Listening Comprehension

Listen with Focus. Track the Clues. Catch the Details.
A guide to active listening, note-taking and careful answering.
Listening Comprehension rewards students who prepare before the audio, stay active during it and use elimination carefully for tricky questions.
A strong target is 17–20 out of 20. Every mark matters. Careful listening adds up.
Parent Note
Listening Comprehension is the one component students cannot practise by re-reading. It requires sustained focus over an extended period — a skill that improves with deliberate practice, not just exam drilling.
Help your child practise active listening at home by asking them to summarise what they heard from a podcast, news clip or audiobook. Ask: what was the sequence? What changed? What was the key detail? These are exactly the questions LC tests.

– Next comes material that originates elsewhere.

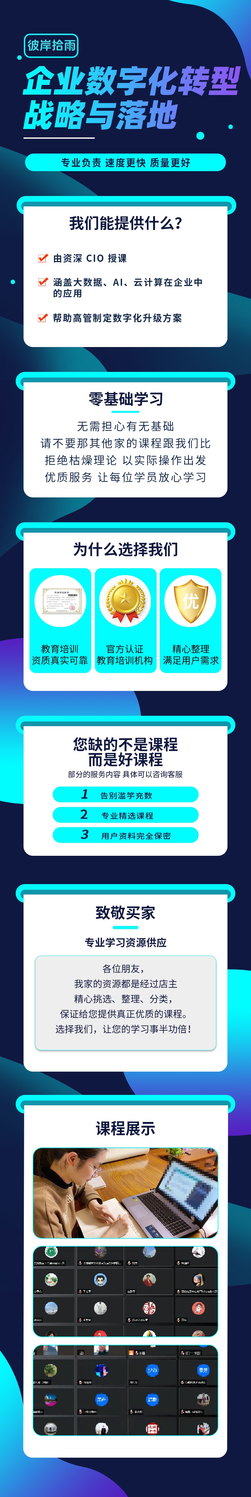 这套课程彻底改变了我们公司的数字化进程! 从顶层设计到实施路径,完整覆盖组织架构调整、技术选型等关键环节。老师分享的"数字化转型成熟度模型"帮助我们精准定位现状,3个月内完成CRM系统升级,客户响应效率提升40%!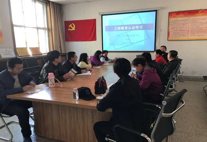 2017年4月19日beat365正版实验中心在土木馆B212会议室举行了工程教育认证集体学习,实验中心全体教师参加了会议,由史勇老师做了学习报告,韩伟新书记、郝贠洪副经理做了工程教育认证指导。

Remind your child that a shorter pencil is much better than a long memory — writing down clues during the audio is not optional, it is essential.
Student Note
“Listen carefully. Track the sequence. Write down the clues.”
“A shorter pencil is much better than a long memory.”
“Strong target for LC: 17–20 out of 20. Every mark matters.”
① Before the Audio Starts
Use the time before the audio begins wisely — do not wait passively.
- Read the questions ahead while instructions or options are being read aloud.
- Understand what each question is really asking.
- Mark keywords in each question so you know what to listen for.
“Read the questions before the audio. Know what to listen for before it starts.”
② While Listening
Stay active throughout the entire audio. Do not zone out between questions.
- Be clear about the timeline and sequence of events.
- Watch for special keywords: before, after, so, next, at last, firstly.
- Catch the specific details from each spoken segment.
- Take notes or annotate your question paper as you listen.
“Track the sequence. The keywords tell you when things happen.”
③ For Tricky Questions
Some LC questions are deliberately difficult. Use these strategies:
- For true / false style questions — scrutinise every word in each option. One wrong detail makes the whole option false.
- Use elimination — remove the choices that definitely do not fit.
- If unsure, make your best choice and move on. Do not leave blanks.
“Scrutinise the options. Eliminate what does not fit. Choose the best remaining answer.”
④ Maps and Diagrams
Some LC questions include maps, diagrams or visual aids.
- Study the diagram before the audio starts.
- Doodle on it — mark directions, locations, changes as you hear them.
- The audio will describe changes to the diagram — track them as you listen.
“Doodle on the diagram. Mark the changes as you hear them.”
⑤ Mindset
LC is a sustained focus test. The audio does not stop or repeat.
- Stay focused for the entire duration — do not let attention drift.
- If you miss something, move on immediately. Do not dwell on it.
- A shorter pencil is much better than a long memory — write things down.
“Focus is a skill. Train it. The audio will not wait.”
⑥ Useful Target Guide
Use this as a benchmark for your LC practice:
- Strong performance: 17–20 out of 20.
- Solid performance: 14–16 out of 20.
- Needs work: 13 and below — review which question types you are missing.
“Every mark matters. Careful listening adds up.”
“Listen carefully. Track the sequence. Write down the clues.”